Now that the Hypothesis has been formed, we can formally test it using our simulated dataset. The fit() method will automatically extract the appropriate variables from the data and estimate the Bayesian evidence for both the hypothesis and null hypothesis using nested sampling. It will return the difference between the two i.e. the evidence in favor of the habitable zone hypothesis.

[9]:
results = h_HZ.fit(data)
print("The evidence in favor of the hypothesis is: dlnZ = {:.1f} (corresponds to p = {:.1E})".format(results['dlnZ'], np.exp(-results['dlnZ'])))
The evidence in favor of the hypothesis is: dlnZ = 13.1 (corresponds to p = 2.1E-06)

Generally speaking, a result where dlnZ > 3 is considered significant, so this was a succcessful test of the hypothesis.

Note for iPython/Jupyter users: We will need to reload the generator and h_HZ objects here to replace the ones you have defined above. These will produce the same results, but the next code block uses the multiprocessing module which is incompatible with functions defined in iPython.

[10]:
# Reload `generator` and `h_HZ`
generator = Generator('imaging')
from bioverse.hypothesis import h_HZ

Computing statistical power

We have not yet tackled the most uncertain part of this analysis: namely, just how common are habitable worlds? The fraction of Earth-sized planets in the habitable zone with atmospheric water vapor could far smaller than the assumed 75%, in which case it might be impossible to test the habitable zone hypothesis. To quantify the importance of this assumption, we will need to repeat the previous analysis several times with different values of f_water_habitable.

The analysis module enables this through its test_hypothesis_grid() function, which loops the planet simulation, survey simulation, and hypothesis test routines over a grid of input values. Let’s use it to iterate over values of f_water_habitable ranging from 1% to 100%. For each value, we will repeat the analysis 20 times to average over Poisson noise.

This may take a few minutes. To speed things up, we will run 8 processes in parallel (you may need to change this number for an older CPU).

[11]:
f_water_habitable = np.logspace(-2, 0, 10)
results = analysis.test_hypothesis_grid(h_HZ, generator, survey, f_water_habitable=f_water_habitable, t_total=10*365.25, processes=8, N=20)
100%|██████████| 200/200 [01:53<00:00,  1.76it/s]

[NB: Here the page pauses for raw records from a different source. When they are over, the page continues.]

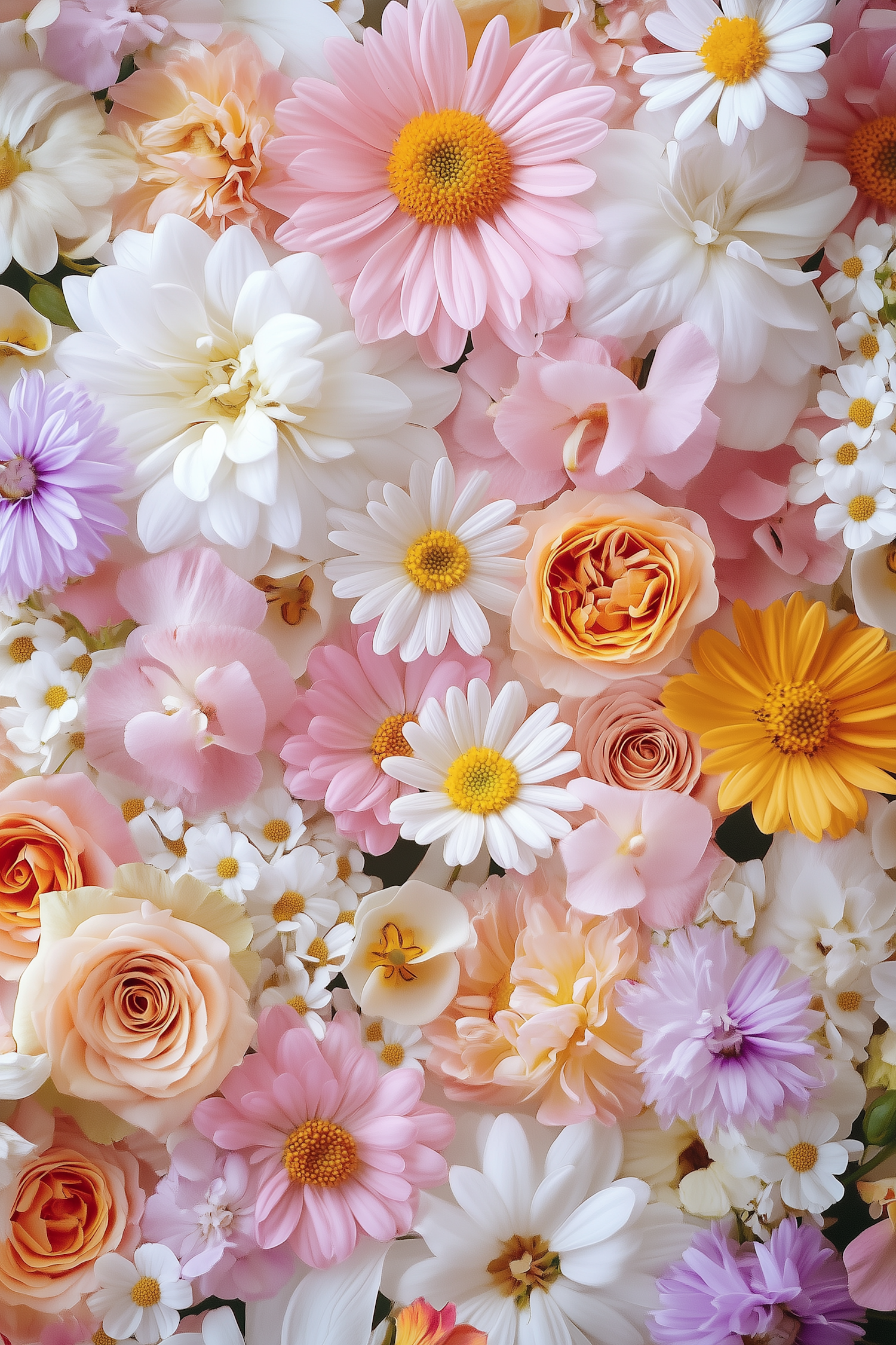 A vibrant floral arrangement with pink daisies, white daisies, peach roses, and purple flowers, creating a colorful and fresh display.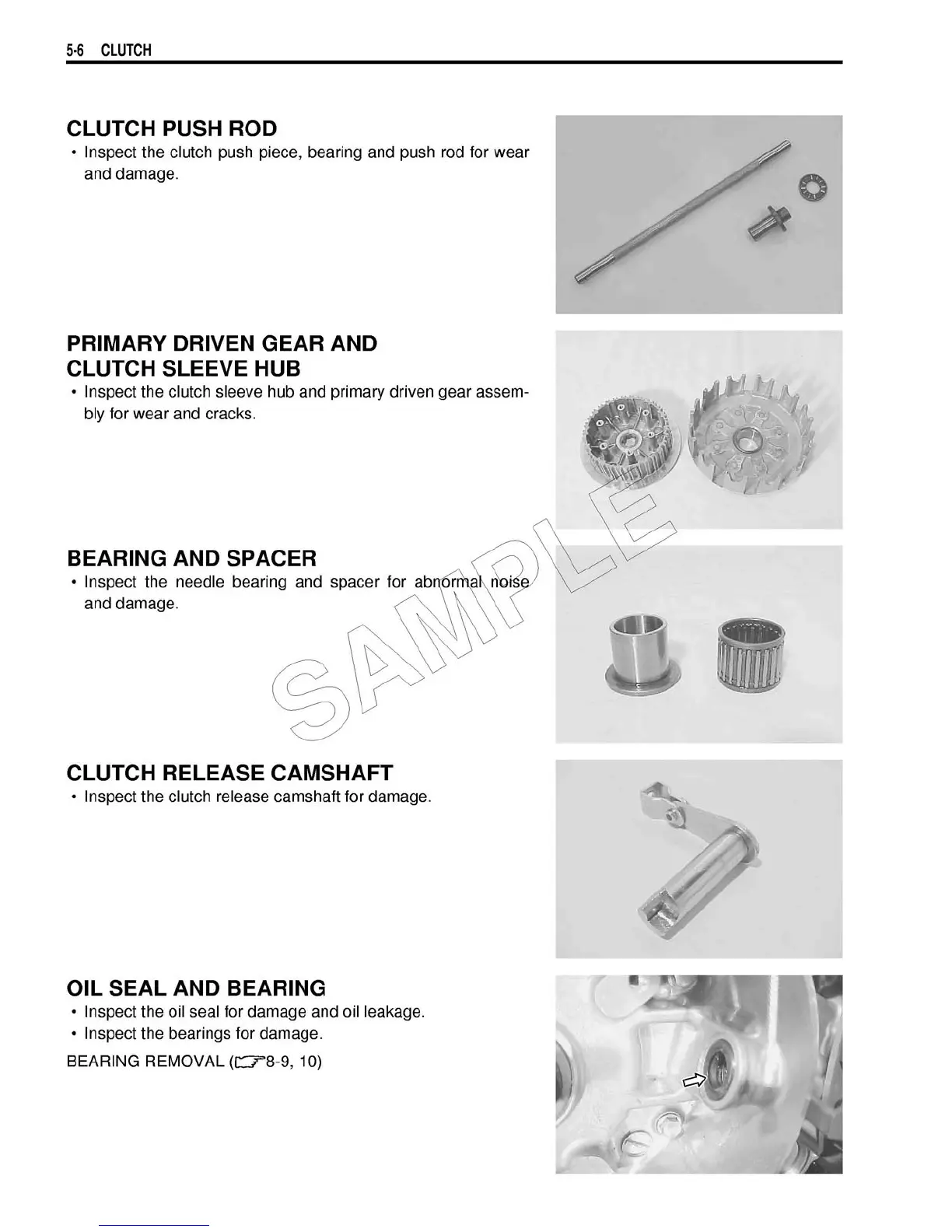 Suzuki RM 250 - Clutch Push Rod;Release Camshaft Inspection; Primary Driven Gear and Clutch Sleeve Hub Inspection; Bearing and Spacer Inspection; Oil Seal and Bearing Inspection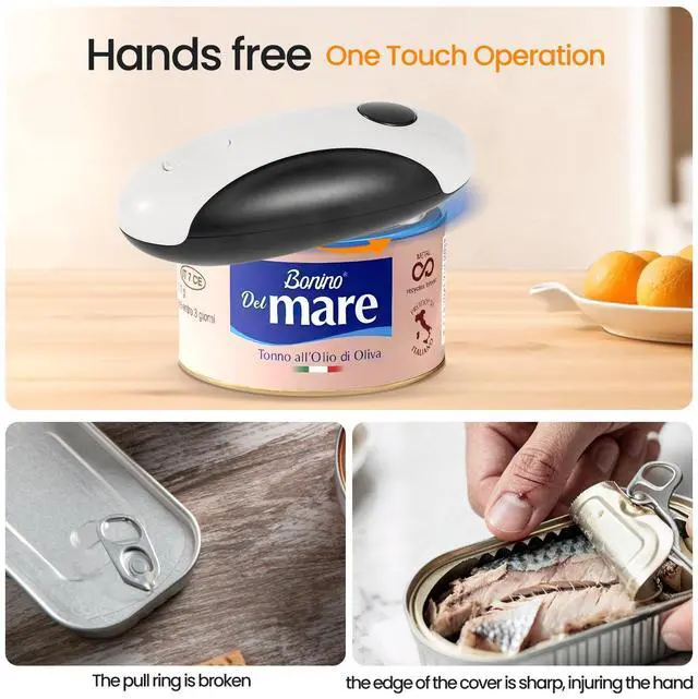 2.Powerful & Versatile for All Cans:This powerful electric can opener effortlessly handles most metal cans, from food to pet food, including round, square, and oval shapes. Its robust motor and optimized blade ensure a clean cut every time without touching your food, perfect for those with limited hand strength.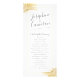 Guld faux foil handflatan träd löv eller fronder med ett unikt modernt typsnitt på ett program för giftermål på en chic. Bilden ser också lite som fjädrar. OM NÅGOT INTE SER UT: Klicka på ANPASSA om du vill ändra typsnitt, ordna text och markera valfri bakgrund färg för att samordna med ditt elegant-badbröllop. Besök vår designerbutik för att se fullt.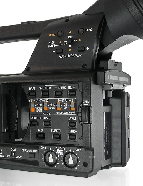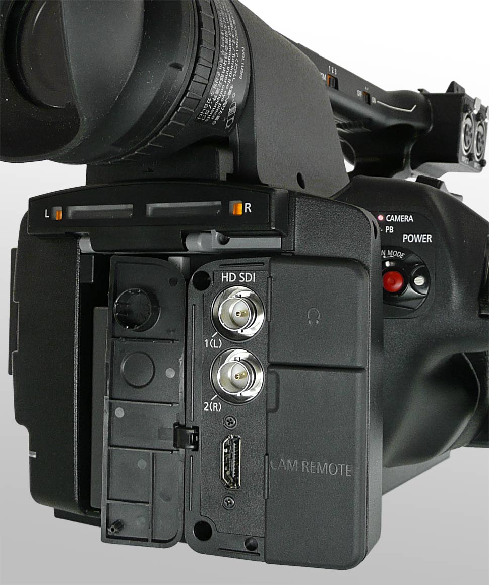 Tatsächlich hat der AG-3DA1 zwar einige Ähnlichkeit mit dem 151er, stellt sozusagen die Verdoppelung dieses Geräts innerhalb eines etwas größeren Gehäuses dar. Deshalb sind auch die wichtigsten Eckdaten identisch: Sensorgröße (1/4-Zoll), maximale Datenrate (24 Mbps) und vieles weitere. Die getrennten Bilder für das rechte und das linke Auge werden im Gerät separat behandelt: Das Licht fällt durch zwei Objektive auf zwei getrennte Sensorgruppen à drei CMOS-Chips, deren elektrische Signale einzeln weiterverarbeitet und dann separat gespeichert werden. Man nimmt also am Ende des Drehs eine SDHC-Speicherkarte mit den Bildern fürs rechte und eine mit den Bildern fürs linke Auge aus dem Camcorder. Beim Live-Betrieb gibt der Camcorder die beiden Bildsignale für rechtes und linkes Auge über zwei HD-SDI-Buchsen aus, zudem steht eine HDMI-1.4-Buchse zur Verfügung.

Now, let’s plot the average Bayesian evidence for the hypothesis as a function of f_water_habitable.

[12]:
plt.plot(f_water_habitable, results['dlnZ'].mean(axis=-1), lw=5)
plt.xlabel('Fraction of EECs with H2O', fontsize=20)
plt.ylabel('$\Delta$lnZ', fontsize=20)
plt.axhline(3, lw=5, c='black', linestyle='dashed')
plt.xscale('log')
../_images/Notebooks_Example1_24_0.png

A more useful metric than the average Bayesian evidence is the survey’s “statistical power”, which is the likelihood that the survey could successfully test the hypothesis under a certain set of assumptions. Run this cell to plot the statistical power versus the fraction of EECs with water vapor.

[13]:
power = analysis.compute_statistical_power(results, method='dlnZ', threshold=3)
plt.plot(f_water_habitable, power, lw=5)
plt.xlabel('Fraction of EECs with H2O', fontsize=20)
plt.ylabel('Statistical power', fontsize=20)
plt.axhline(0.8, lw=5, c='black', linestyle='dashed')
plt.xscale('log')
../_images/Notebooks_Example1_26_0.png

We can see that a LUVOIR-like survey will be able to determine the existence of the habitable zone - but only if habitable planets are relatively common.